看两人这样子,其他人纷纷转头望去,然后就见不远处有那么一棵柞树。
这柞树并没有多粗,离地三米之处有一树洞,洞口还不大,但从洞里探出一茎挺,挺上有三片巴掌叶。
沈家帮这些参丁不像赵家帮,赵家帮除了赵军,其他人以前都没放过山。
可沈家帮不一样,他们整体虽然年轻,但他们父辈就都是沈家帮的。以前他们父辈跟沈秋山他爹混,他们现在跟着沈秋山。
所以,这些人都是懂行人。
而此时此刻,沈家帮包括沈秋山在内的十二人,心中同时闪过一句话:上不接天,下不接地,却是天生地养第一参。
“哎?”就在这时,那牵狗的六叔惊叹道:“这棒槌咋长树上去了呢?”
跑山人都认识棒槌叶,但六叔不知道这参长树上意味着什么。
“闭嘴!”沈秋山猛地回头,瞪着六叔厉声喝道:“不行瞎说话!”
“我呲……”六叔刚想问候沈秋山母亲,却看到了沈家帮十二人一双双通红的眼睛。
这一出,可把这六叔吓一跳,然后就听沈秋山大喊一声:“沈家帮,敬山!”
沈家帮其余十一人异口同声地呼喝,然后就见有人从挎包里拿出了鞭炮,有人去附近搜集干柴树枝,有人捡草棍当香。
而沈秋山,踉跄几步来在那柞树前,然后“噗通”一下就跪在了地上。
“山神爷!老把头……”沈秋山扯着嗓子大喊:“沈家帮沈秋山谢谢你们啦!”
喊完这句,沈秋山哐哐往地上磕头,他磕头速度之快,让后头的六叔几人都看到了残影。
沈秋山也没查,一连磕了十多个头,然后直起上半身,抬头望着天空,大声喊道:“爹!你老人家在天之灵保佑我们呐!”
喊完这句,沈秋山又哐哐低头。
这时,沈家帮人将敬山的东西都准备好了。

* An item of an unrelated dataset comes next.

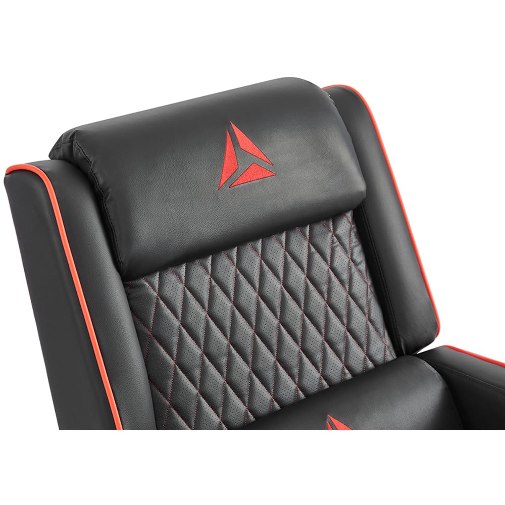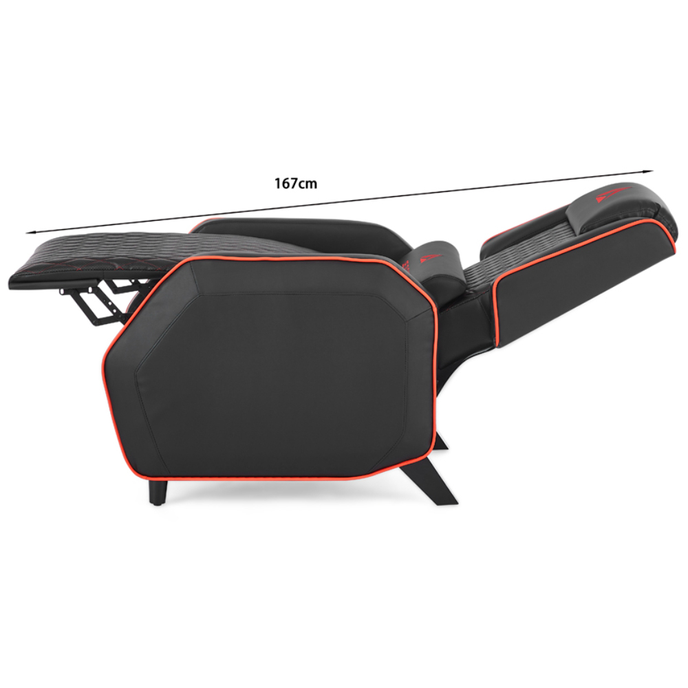 Go for the ultimate gaming throne with the Home Detail Cougar Black and Red Manual Gaming Recliner Chair. This stylish faux leather manual push-back recliner offers extra lumbar and neck support, making it perfect for long gaming sessions or relaxation. Its sleek racer design and contrast piping give it a super cool look. To recline, simply lean back using your body weight, and the footrest will pop up. When it's time to sit up again, just push yourself forward, and it will smoothly return to its original position. Plus, it's UK certified with UKFR and FSC.
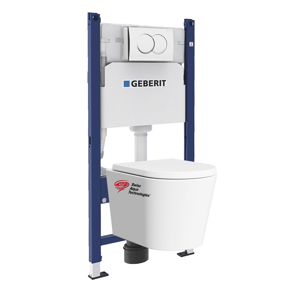 Caractéristiques du Pack Bâti-support 112cm + Cuvette Swiss Aqua Technologies sans bride + Plaque blanche (SATrimlessGeb3) :

有人将点着冒烟的三根草棍递过来,沈秋山将其接在手中。
沈家帮人齐刷刷跪在沈秋山身后,而那叫宋大奎的,此时他正站在不远处。
宋大奎不是沈家帮的一员,此时他身前有个松树,树枝上悬挂着鞭炮,宋大奎手里拿着火柴和火柴盒,等着沈秋山他们那边的仪式开始。

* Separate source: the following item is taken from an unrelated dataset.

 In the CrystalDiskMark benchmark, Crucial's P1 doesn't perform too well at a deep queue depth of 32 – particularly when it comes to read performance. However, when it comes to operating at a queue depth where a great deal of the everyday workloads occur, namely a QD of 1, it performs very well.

“奉告山神爷、老把头……”沈秋山喊了几句词,然后带着沈家帮人冲那长在树上的三品叶哐哐磕头。
拜了三拜后,沈家帮人跪直了身子,由沈秋山带头大喊:“山神爷、老把头……开门呐……”
就在沈秋山拉长音时,宋大奎点燃了鞭炮。在鞭炮的噼啪声中,沈秋山又大声喊道:“开门啦……”
“开门啦……”沈家帮一起高喊,将仪式感拉满。
喊声落下,沈秋山起身,抬头望着那随风摇摆的三品叶,眼中满是狂喜:“我特么下半辈子躺着花都够了!”